───── Dataset content

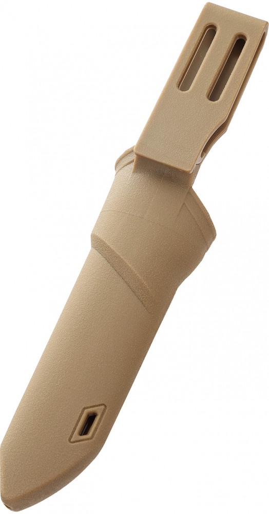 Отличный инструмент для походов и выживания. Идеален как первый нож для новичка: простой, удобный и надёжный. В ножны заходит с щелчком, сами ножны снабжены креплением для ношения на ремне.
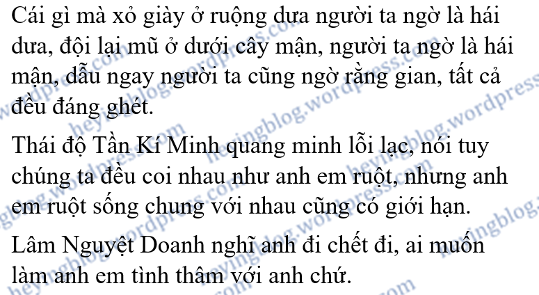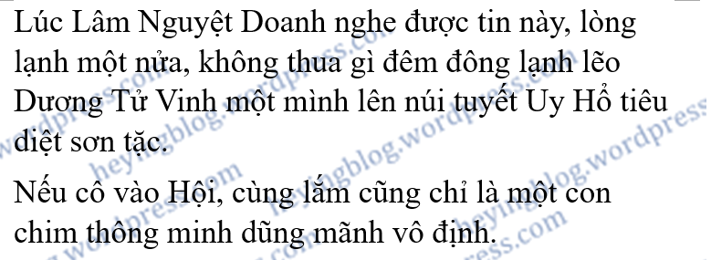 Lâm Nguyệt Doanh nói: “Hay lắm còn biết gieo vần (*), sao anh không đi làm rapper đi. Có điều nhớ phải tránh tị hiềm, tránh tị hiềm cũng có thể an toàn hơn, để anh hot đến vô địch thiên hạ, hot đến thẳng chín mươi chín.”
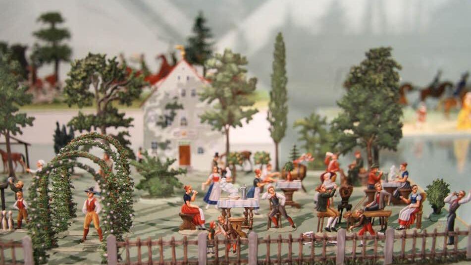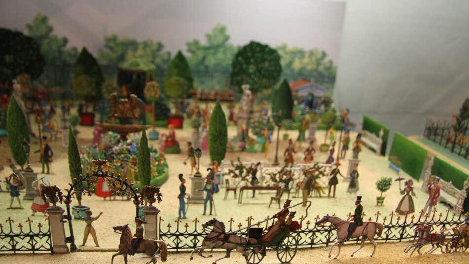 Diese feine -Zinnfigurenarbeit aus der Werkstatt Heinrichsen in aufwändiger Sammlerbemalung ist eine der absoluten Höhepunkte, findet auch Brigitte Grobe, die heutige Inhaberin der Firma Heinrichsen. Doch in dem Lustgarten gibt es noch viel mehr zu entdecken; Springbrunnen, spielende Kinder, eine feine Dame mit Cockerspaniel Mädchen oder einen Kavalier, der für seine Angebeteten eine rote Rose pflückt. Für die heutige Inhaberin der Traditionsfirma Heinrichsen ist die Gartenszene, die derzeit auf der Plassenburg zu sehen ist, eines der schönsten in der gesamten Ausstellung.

──────────

Task description: When you return the listing, keep it exact and omit any pictures it holds.

Answer space:
 Отличный инструмент для походов и выживания. Идеален как первый нож для новичка: простой, удобный и надёжный. В ножны заходит с щелчком, сами ножны снабжены креплением для ношения на ремне.
 Lâm Nguyệt Doanh nói: “Hay lắm còn biết gieo vần (*), sao anh không đi làm rapper đi. Có điều nhớ phải tránh tị hiềm, tránh tị hiềm cũng có thể an toàn hơn, để anh hot đến vô địch thiên hạ, hot đến thẳng chín mươi chín.”
 Diese feine -Zinnfigurenarbeit aus der Werkstatt Heinrichsen in aufwändiger Sammlerbemalung ist eine der absoluten Höhepunkte, findet auch Brigitte Grobe, die heutige Inhaberin der Firma Heinrichsen. Doch in dem Lustgarten gibt es noch viel mehr zu entdecken; Springbrunnen, spielende Kinder, eine feine Dame mit Cockerspaniel Mädchen oder einen Kavalier, der für seine Angebeteten eine rote Rose pflückt. Für die heutige Inhaberin der Traditionsfirma Heinrichsen ist die Gartenszene, die derzeit auf der Plassenburg zu sehen ist, eines der schönsten in der gesamten Ausstellung.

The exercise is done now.